Open RorschachChen opened 1 year ago
Thanks for the comment!
I think refool transforms a clean target-class sample into a poisoned sample. Line 209 explicitly selects target-class samples.
But I do see your point. I think for refool, the poisoning rate argument poison_rate
shall not use 0.1. Otherwise, for datasets like CIFAR-10 that have 10 classes, the actual poisoning rate on the target class will be 100% (as the target class has 1/10 samples of the whole dataset). I would suggest to change argument poison_rate
to a smaller value, e.g., 0.01, which is 10% of the target-class samples (for CIFAR-10).
Let me know if this addresses your concern.
Thanks for so fast response, okay, I know that clean-label style. But I still think the poisoned indices could be determined before iterating the dataloader, since I am currently test my defense work which isolates poisoned samples. Let me know if you want me to close the issue, it's okay.

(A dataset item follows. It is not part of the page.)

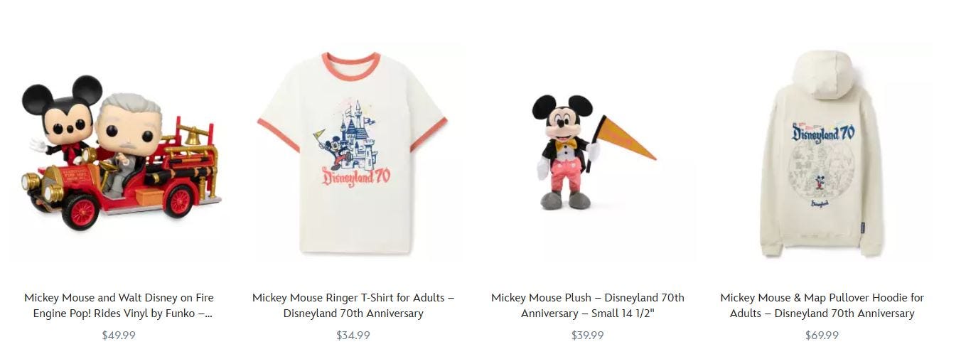 Prices range from $19.99-$79.99. Pieces include ornaments, accessories, a plush, household items, apparel, and a Funko Pop! featuring Walt Disney and Mickey Mouse.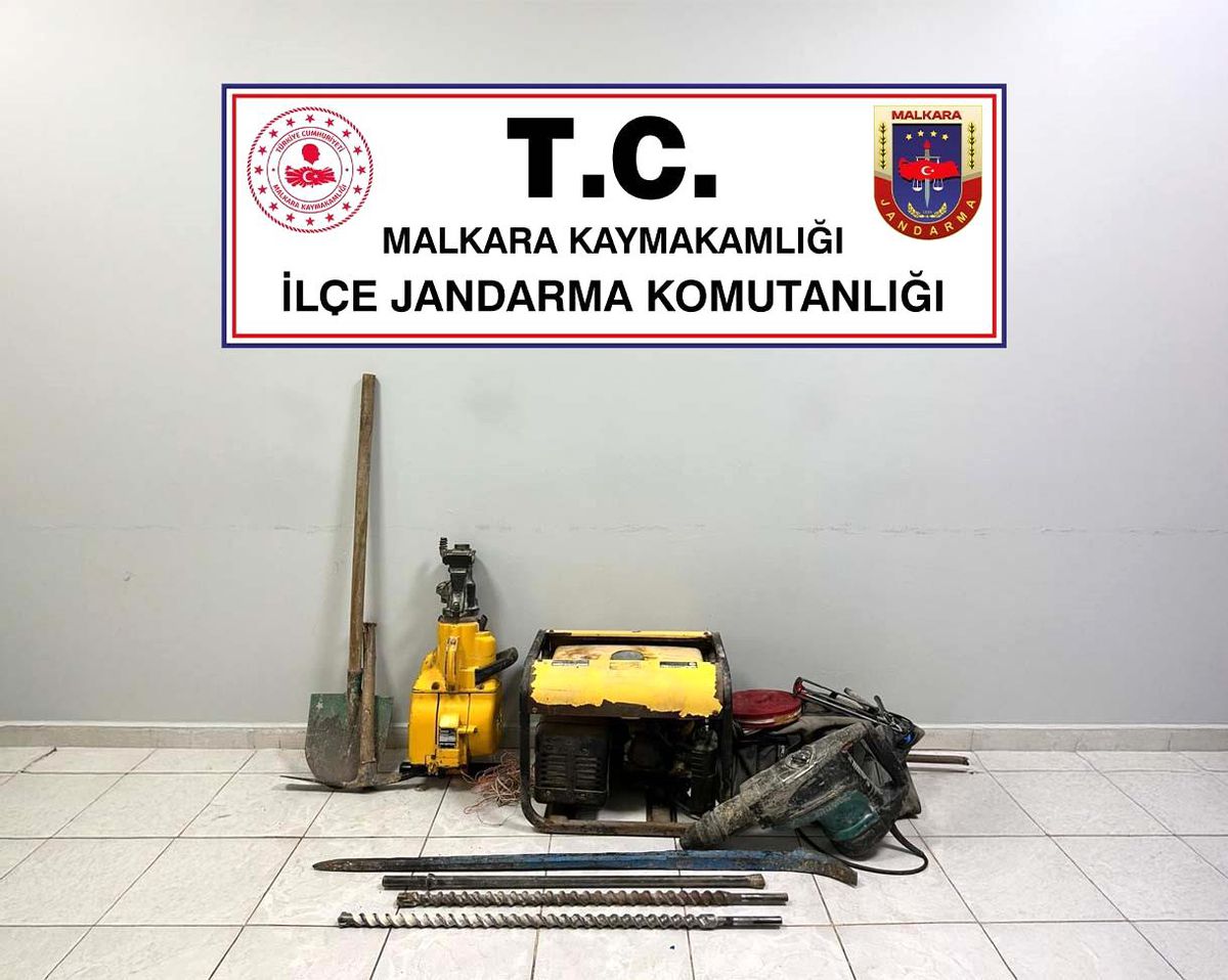 Tekirdağ'ın Malkara ilçesinde ormanlık alanda izinsiz kazı yapan üç kişi jandarma ekipleri tarafından suçüstü yakalandı. Olayla ilgili adli işlemler başlatıldı.

Yes, it would probably be more transparent for controlling the samples for poisoning if the indices are determined beforehand.
Thanks for the suggestion! I will take a look at how to incorporate this.
in line 205-207, I think for attack like refool. The logic of the current implementation is for front n_poison samples, randomly find a non-target sample and make it become a poisoned sample by adding triggers. Actually, when randomly selecting clean sample from other classes, till the end of the training, every clean sample can be transformed into a poisoned sample, so the actual poison rate could be 100%. By deactivate this, I find the ASR of refool_smooth and refool_ghost, the current version ASR could be 100%, while after I modify these lines, the ASR is around 90%, I think it is reasonable. If you have question, we can discuss.